Si la liberté est le principe, la détention provisoire est l’exception.
L’article 144 du CPP prévoit qu’elle ne peut être ordonnée que s’il est démontré qu’elle est l’unique moyen de parvenir à l’un ou plusieurs des sept objectifs prévus par ce même article:
1° Conserver les preuves ou les indices matériels qui sont nécessaires à la manifestation de la vérité ;
2° Empêcher une pression sur les témoins ou les victimes ainsi que sur leur famille ;
3° Empêcher une concertation frauduleuse entre la personne mise en examen et ses coauteurs ou complices ;
4° Protéger la personne mise en examen ;
5° Garantir le maintien de la personne mise en examen à la disposition de la justice ;
6° Mettre fin à l'infraction ou prévenir son renouvellement ;
7° Mettre fin au trouble exceptionnel et persistant à l'ordre public provoqué par la gravité de l'infraction, les circonstances de sa commission ou l'importance du préjudice qu'elle a causé. Ce trouble ne peut résulter du seul retentissement médiatique de l'affaire. Toutefois, le présent alinéa n'est pas applicable en matière correctionnelle.


Seul le juge des libertés et de la détention, selon la demande du juge d’instruction, peut ordonner une telle mesure.
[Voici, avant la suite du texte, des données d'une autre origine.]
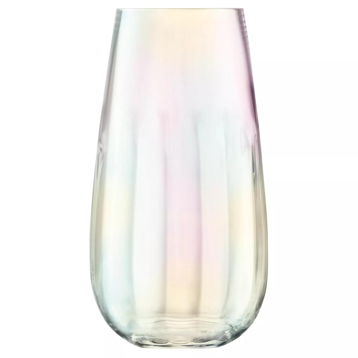 This striking optic vase has been made from glass and mouth-blown by artisans; they are hand painted with an iridescent lustre, inspired by the shimmer of a pearl. This beautiful vase complements the Pearl drinkware and decorative accessories. Perfect for adding a unique addition to your home.
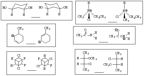 11. (18 points) Identify the relationship between the following pairs of molecules as one of the following:
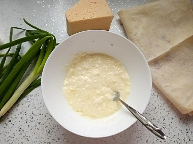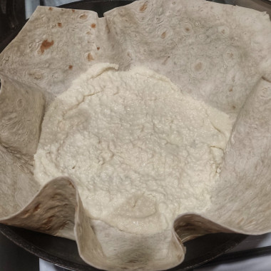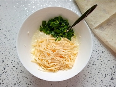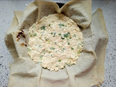 Лаваш у меня был прямоугольный, я его не обрезала, просто сложила концы сверху. У меня оставалось немного творога, смешала его с яйцами и от себя добавила зеленый лук и кусочек твердого сыра.
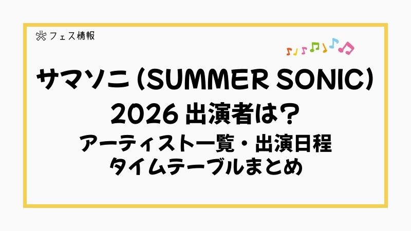 この記事では、「SUMMER SONIC 2026」の出演アーティスト一覧をはじめ、出演日程、タイムテーブル情報(発表次第随時更新)を紹介しています。
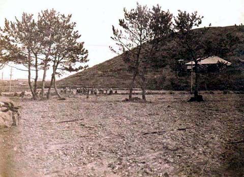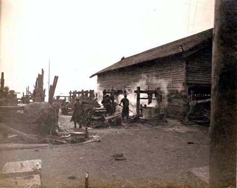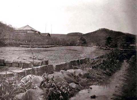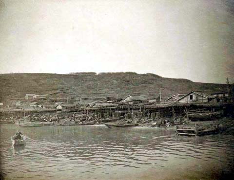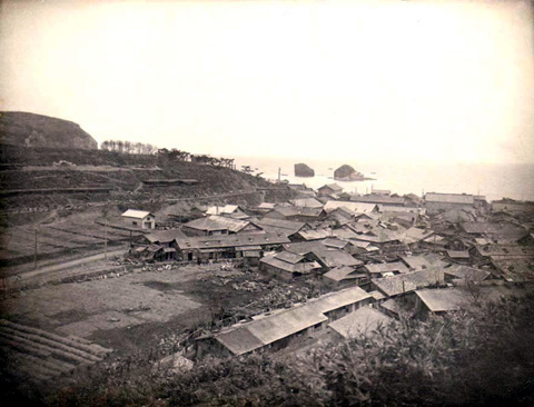 NO.1 村の様子、弁天島 ― 写真裏のメモ ― 高島郡高島村字高島漁村ノ景ナリ 遥ニ見ユル小島ノ家屋ハ 其昔北海道水産調査所ト称ヘ 国費ニ依テ経営サレツアリシガ 北海道十五年計画樹立ト共ニ 北海道水産試験場ノ事業ニ移サル

Il doit s’assurer que le placement sous contrôle judiciaire ou que l’assignation à résidence sous surveillance électronique ne suffisent pas à garantir l’un des objets sus-cités.

Cette décision ne peut être prise qu’à l’issu d’un débat contradictoire pour lequel l’avocat est obligatoire.


En matière correctionnelle, la durée de la détention provisoire est de quatre mois, renouvelable une fois pour la même durée après la tenue d’un nouveau débat contradictoire devant le juge des libertés et de la détention. Au-delà d'un an, la loi impose des conditions particulières.
En matière criminelle, la durée de la détention initiale est d’une année. Le juge des libertés peut prolonger la mesure pour une durée de 6 mois maximum, après débat contradictoire. Cette prolongation est renouvelable selon cette même procédure.


Toutefois, elle ne peut excéder une durée de:


  • - 2 ans si la peine encourue est inférieure à 20 ans de réclusion criminelle (crime) ou d’emprisonnement délictuel (délit).

  • - 3 ans lorsque la peine encourue est supérieure à 20 ans de réclusion criminelle.

  • - 4 ans lorsqu’elle concerne plusieurs crimes contre les personnes, les crimes de guerre, le trafic de stupéfiants, le terrorisme, le proxénétisme, l’extorsion de fonds ou les crimes commis en bande organisée.


En principe, la personne doit être remise en liberté à la fin de l’information sauf si le juge d’instruction demande le maintien. Dans ce cas, la personne doit être jugée:


  • - Dans un délai de deux mois à compter de l’ordonnance de renvoi devant le tribunal correctionnel (délit);
    - Dans un délai d’un an à compte de l’ordonnance de mise en accusation devant la cour d’assises (crime).


Elle peut également, à tout moment, demander sa libération en démontrant que les éléments ne justifient plus sa détention provisoire et qu’elle est donc éligible à une mesure de placement sous contrôle judiciaire ou à une assignation à résidence avec surveillance électronique.